In retrospect, I really didn’t answer the question; jackelope was right. In my defense, I couldn’t tell whether the question was about fact patterns that would give rise to a situation where a MB would have to divulge the information, or whether it was just a procedural question. Also, I was drinking. Kids, let that be a lesson to you: drinking and the law don’t mix. Except at bar functions.
As a procedural matter, as I said, the information would be divulged pursuant to a subpoena. In California, in civil cases, the standard for seeking the information is whether the information “is reasonably calculated to lead to the discovery of admissible evidence.” In other words, the information doesn’t itself have to be “it.” The information simply could lead to important stuff. For example:
That information doesn’t all have to come from one source. (Bricker makes that plain, but it’s worth emphasizing.) If I can aggregate the essential information from a variety of sources, I’m there. Around my watercooler, we call that “building it.” As in, “It doesn’t exist now, but I can build it.” So I can issue subpoenas for each piece of the puzzle, which I’ll pull together for trial.
Huh. So the same issues keep coming up, but in different factual contexts? Who knew?
By the way, I miss Cliffy. I’m sorry he didn’t re-up. Other than that, this thread has almost all my fave law geeks in it. By the way, I agree with Billdo: issuing a subpoena is darn easy. Defending it, on the other hand…

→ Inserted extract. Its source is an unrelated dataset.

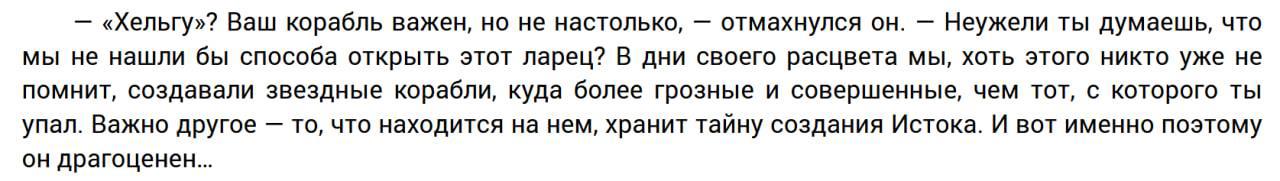 Думаю, ради такого даже может экспедицию на Хельгу организовать. Типа, надо забрать какие-то важные бумаги или Главный чип Авроры с описанием технологии. Короче, что-то без чего Исток не получается изобрести. А, как вам, правдоподобно?
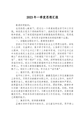 2023年一季度思想汇报敬爱的党组织:在党的悉心教育下,经过这一个季度的理论学习和工作实践,特别是在党员干部的的帮助下,我的思想不断的得到了磨练和提高。为了使党组织能够及时掌握我的思想动态,现将我近期的思想、工作、作风等方面的情况向党组织做个汇报:一、加强政治理论学习,提高党性修养坚持以习近平新时代中国特色社会主义思想为指导,采取个人自学、交流研讨、集中学习等方式,认真学习了党的二十大精神、习近平总书记二零二三年新年贺词、习近平总书记在中央政治局民主生活会上的重要讲话等内容,深刻领悟两个确立的决定性意义,不断增强四个意识、坚定四个自信、做到两个维护方面。同时,深研细悟党内法规和业务指导知识,把与工作联系紧密的书目文件放在办公桌旁的小书架上,作为案头卷随时翻看查阅,对工作的相关政策程序烂熟于心,制定个人学习计划,努力成为活字典。二、履职尽责,提升服务水平在平时工作中,以任劳任怨、勤勤恳恳的工作态度踏实的工作作风,尽职尽责的做好本职工作。在过去工作中,始终严格要求自己,模范遵守各项规章制度,坚持高标准和严要求,高质量完成了领导交办的各项工作任务。团结同事,能够和单位同事一起完成各项工作任务推动单位向前发展。同时,积极向身边典型和模范党员学习,不断向优秀党员看齐,发挥先锋模范作用。积极参加单位组织的各项工作及培训,不断提高自己的履职能力。三、廉洁自律,保持高尚情操正确对待和行使手中的权力,淡化官念和权欲,用平常心看待官位,用职责心看待和运用权力。从未谋取规定以外的特殊利益,不放纵自己的欲望,不贪吃喝、不贪钱财、不贪享乐、不贪图名利地位,堂堂正正地做人,明明白白地工作。不为声色犬马、灯红酒绿的生活方式所动,艰苦奋斗,俭以养德,保持了良好的品行和高尚的情操。坚持大事不糊涂、小事不马虎,自觉增强守一意识,不越雷池一步,在防微杜渐上下功夫,追求党性和道德修养的高境界。在廉洁自律上,做到表里如一,任何时候、任何状况下,都自觉以党性原则和道德规范衡量、约束自己,没有人前一套、人后一套。在这三个月里,我在组织的关怀与培养下,认真学习、努力工作,政治思想觉悟都有了很大的提高,个人综合素质也有了全面的发展,但我知道还存在着许多缺点和不足。抓理论学习的深度、强度不够到位。由于没有深刻认识到理论学习对提升整体素质、促进问题解决的极端重要性,政治理论学习有时仍然停留在表面,特别是在学习习近平新时代中国特色社会主义思想学原著、读原文、悟原理做得还不够,缺乏深入研究和思考,没有很好地处理好工学矛盾,集中学习的多、个人自学的少,被动学习的多、主动学习的少,专题讨论的多、系统学习的少,务虚学习的多、联系实际的少,存在急用先学、现学现用等现象,导致未能真正做到学懂弄通做实。正因为对政治理论学之不深,导致在理想信念方面还存在理论武装系统性不够、用政治理论指导工作实践不够、加强党性修养的标准不够高等问题。在今后的工作和学习中,我要更进一步严格要求自己,争取在思想、工作、学习和生活等方面取得进步。面对新的形势、新的变革、新的发展,继续加强学习,拓展视野,通过持之以恒的理论学习切实提高思想理论水平。特别要系统深入地学习党的二十大精神,准确把握中央和省市委的重要决策部署,切实增强做好本职工作的坚定性。在加强党的思想理论研读、政治品行锤炼和业务知识学习的基础上,更多地涉足经济领域、社会领域等方面知识学习,既学理论又学经验,既向书本学又向群众学,注重理论知识的转化。同时强化理论与实践的交融,切实把理论成果转化为推动工作的动力,进一步提升政治修养和人格魅力,进一步提升业务能力和服务水平。把边学习、边思考,学与用、学与干相结合,努力养成经常学习、深入学习的良好习惯。以上是我近期的思想汇报。希望党组织及时给予我批评指导,我会虚心接受意见,不断改正缺点和不足,从思想上、行动上做一个合格的共产党员。请党组织在实践中考验我!

jackelope, if you’re a law student, shame on you. You’ve had Civ Pro and should be able to answer this question yourself. If you’re an undergrad, good issue spotting. But be aware that your cyberlaw class is unlikely to cover procedural matters, which I think this question is. You’re more likely to go over substantive law.
I am indeed a law student, for about four more months. After that I’ll be known as Some Dude with More Debt Than Sense, Esq.
As for CivPro, I have only recently heard that there are people who learned stuff in there. I’m not one of those “I blame the professor” types (I’ve taught at the university level myself), but… I blame the professor. As does everyone else who has taken this professor’s CivPro course over the last 20-30 years. I miraculously escaped with a grade that meant I didn’t have to take it again (I think about 20% of the class did have to retake it), and that was all I wanted for Christmas.
Anyway: Your answer was what I suspected it would be, based mostly on what I learned in CrimPro and Evidence; I’m glad to have it confirmed, but I’m still not quite comfortable enough with procedural matters to give my opinion. Not when there’s real live lawyers around to call me on my mistakes, anyway.